“L’Europe est coupée en deux”, affirmait Catherine Wihtol de Wenden, directrice de recherche chez Ceri. Par ces mots, elle met en évidence les discordances internes au sein de l’Union européenne concernant les crises migratoires. Si l’idée d’une coopération européenne semble louable, voire “Fukuyamesque” (Hubert Védrine), les rêves se heurtent aux volontés souverainistes des différents États membres. La montée en puissance de l’extrême droite nationaliste en France, en Italie et en Espagne, par exemple, démontre un sentiment populaire opposé aux idéaux de la Commission européenne. Pourtant, cette dernière crise à Lampedusa, en Italie, nous permet de constater que l’Union souhaite faire face à la crise de manière adéquate et que l’extrême droite commence à être remise en question par les réalités géopolitiques.
Comment l’Union européen réagit-elle ?
À l’échelle de l’organisation, la situation est vue comme “un défi qui a besoin d’une réponse européenne”, selon Ursula von der Leyen, présidente de la Commission européenne.
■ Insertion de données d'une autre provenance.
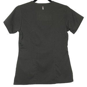 Gray's Anatomy Spandex Stretch Black Scrubs Top - V-neck, 3 pockets, 1 is zippered, 3" slit on each side at hip, short sleeve, spandex stretch. Pre-owned, excellent condition.
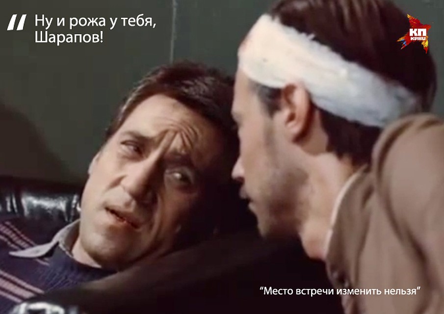 Ну и рожа у тебя, Володя! Ох рожа! Смотреть страшно. Жеглов. Ну и видок у тебя, Шарапов. Он же.

Cette dernière a ainsi mis en place un plan d’urgence qui comporte plusieurs directives, telles que le renforcement de l’Agence pour l’asile (AUEA, chargée de l’enregistrement des demandeurs d’asile) et de Frontex (l’organisation européenne chargée du contrôle des frontières de l’Union), la mise en place d’un mécanisme de solidarité des États membres pour l’accueil des migrants, une coopération accrue avec la Tunisie (aide de 105 millions d’euros pour contenir les flux) ou encore un rapprochement avec le Haut-Commissariat des Nations unies pour les réfugiés (HCR) et l’Organisation internationale pour les migrations (OIM) pour faire face à la crise rapidement. Il semble donc que le problème soit considéré comme une crise majeure pour l’UE qui souhaite ne pas répéter les mêmes erreurs que lors de la crise de 2015.
Pour autant, il est nécessaire de constater que ces décisions ne sont pas suffisantes pour certains États membres. Les discordances internes apparaissent déjà, comme en témoigne le cas de l’Italie qui accuse l’Allemagne de financer des organisations favorisant le voyage des réfugiés vers l’Europe. Dès lors, il semble que les chances d’une “solidarité européenne” (Emmanuel Macron) demeurent fragiles.
Quelle est la situation actuelle à Lampedusa ?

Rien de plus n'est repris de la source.